Among the entries below, take the line with "Sada zahradních pohovek" and the line with "Κόκκινη πολυρεζίν κουρδιστή", and output them and every line between them exactly, with nothing else.

**Listed records:**
□ □ □ □

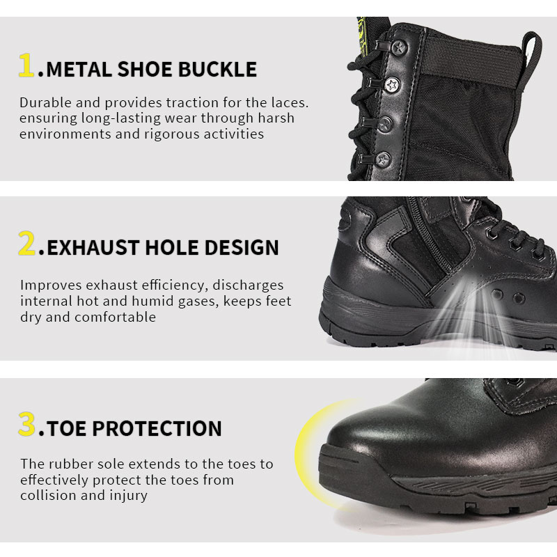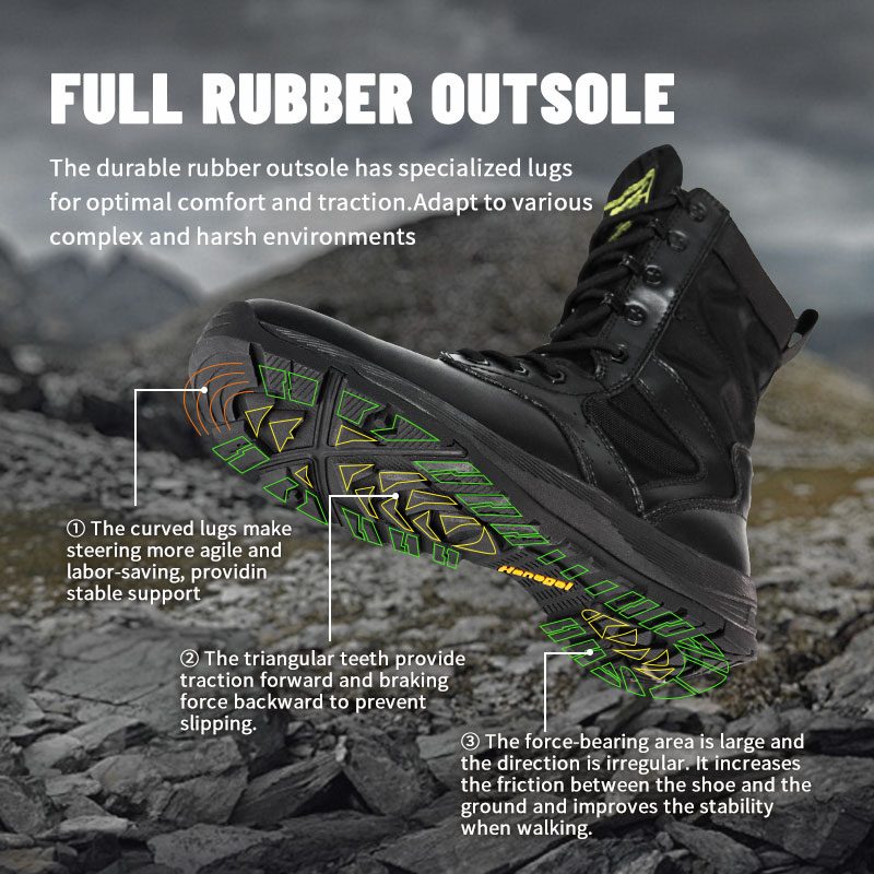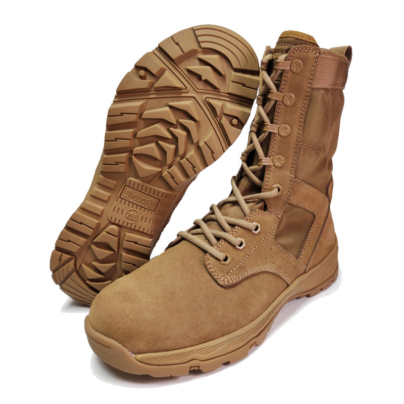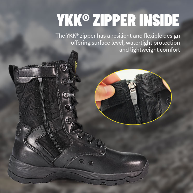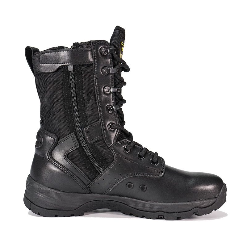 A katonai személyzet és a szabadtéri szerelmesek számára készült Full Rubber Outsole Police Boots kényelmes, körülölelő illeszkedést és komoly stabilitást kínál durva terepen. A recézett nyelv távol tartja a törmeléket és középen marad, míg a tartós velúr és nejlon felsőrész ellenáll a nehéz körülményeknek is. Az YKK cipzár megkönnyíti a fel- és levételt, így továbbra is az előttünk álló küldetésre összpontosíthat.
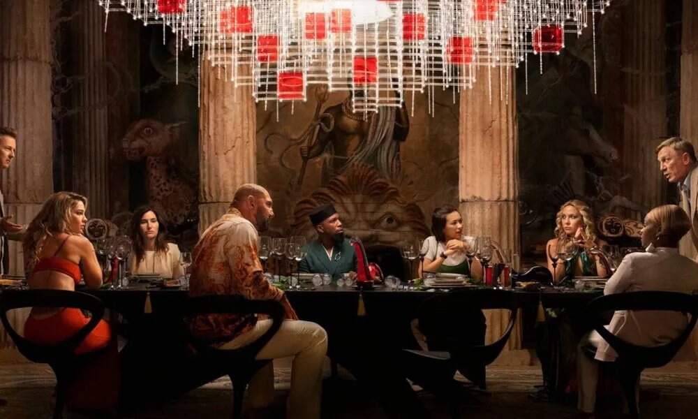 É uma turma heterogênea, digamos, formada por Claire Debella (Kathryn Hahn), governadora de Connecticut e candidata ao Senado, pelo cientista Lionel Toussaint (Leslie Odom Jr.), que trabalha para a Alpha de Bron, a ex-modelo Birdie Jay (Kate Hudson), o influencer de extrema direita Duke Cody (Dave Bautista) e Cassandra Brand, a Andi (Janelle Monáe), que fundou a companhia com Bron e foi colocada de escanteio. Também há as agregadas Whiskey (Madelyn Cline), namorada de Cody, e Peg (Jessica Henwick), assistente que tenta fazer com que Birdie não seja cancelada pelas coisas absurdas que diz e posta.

□ □ □ □

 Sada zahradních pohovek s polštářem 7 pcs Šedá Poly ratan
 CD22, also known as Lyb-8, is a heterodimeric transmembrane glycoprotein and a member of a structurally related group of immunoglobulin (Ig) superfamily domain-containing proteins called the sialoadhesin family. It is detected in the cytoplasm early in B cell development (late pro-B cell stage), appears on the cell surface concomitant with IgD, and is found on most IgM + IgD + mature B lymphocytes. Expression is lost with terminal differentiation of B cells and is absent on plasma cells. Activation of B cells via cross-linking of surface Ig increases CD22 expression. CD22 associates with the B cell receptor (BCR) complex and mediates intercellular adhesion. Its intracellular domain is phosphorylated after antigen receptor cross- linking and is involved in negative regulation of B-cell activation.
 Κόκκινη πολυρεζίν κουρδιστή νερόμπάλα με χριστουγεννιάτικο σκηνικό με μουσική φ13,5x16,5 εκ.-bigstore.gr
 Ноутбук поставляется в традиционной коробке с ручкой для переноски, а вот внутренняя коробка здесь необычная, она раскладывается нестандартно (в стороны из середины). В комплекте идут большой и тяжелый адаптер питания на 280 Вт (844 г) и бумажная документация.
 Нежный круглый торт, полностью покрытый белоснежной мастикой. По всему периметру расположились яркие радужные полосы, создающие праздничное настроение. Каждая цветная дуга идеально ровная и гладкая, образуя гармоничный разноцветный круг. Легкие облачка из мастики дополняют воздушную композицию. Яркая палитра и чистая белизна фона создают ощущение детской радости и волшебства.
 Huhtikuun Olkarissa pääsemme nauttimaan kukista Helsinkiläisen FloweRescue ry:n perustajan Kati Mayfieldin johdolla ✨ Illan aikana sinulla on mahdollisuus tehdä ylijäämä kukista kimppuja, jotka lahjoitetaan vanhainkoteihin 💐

□ □ □ □

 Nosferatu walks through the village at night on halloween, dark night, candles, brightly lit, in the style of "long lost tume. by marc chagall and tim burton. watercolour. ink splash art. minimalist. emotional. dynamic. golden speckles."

□ □ □ □

**Output:**
 Sada zahradních pohovek s polštářem 7 pcs Šedá Poly ratan
 CD22, also known as Lyb-8, is a heterodimeric transmembrane glycoprotein and a member of a structurally related group of immunoglobulin (Ig) superfamily domain-containing proteins called the sialoadhesin family. It is detected in the cytoplasm early in B cell development (late pro-B cell stage), appears on the cell surface concomitant with IgD, and is found on most IgM + IgD + mature B lymphocytes. Expression is lost with terminal differentiation of B cells and is absent on plasma cells. Activation of B cells via cross-linking of surface Ig increases CD22 expression. CD22 associates with the B cell receptor (BCR) complex and mediates intercellular adhesion. Its intracellular domain is phosphorylated after antigen receptor cross- linking and is involved in negative regulation of B-cell activation.
 Κόκκινη πολυρεζίν κουρδιστή νερόμπάλα με χριστουγεννιάτικο σκηνικό με μουσική φ13,5x16,5 εκ.-bigstore.gr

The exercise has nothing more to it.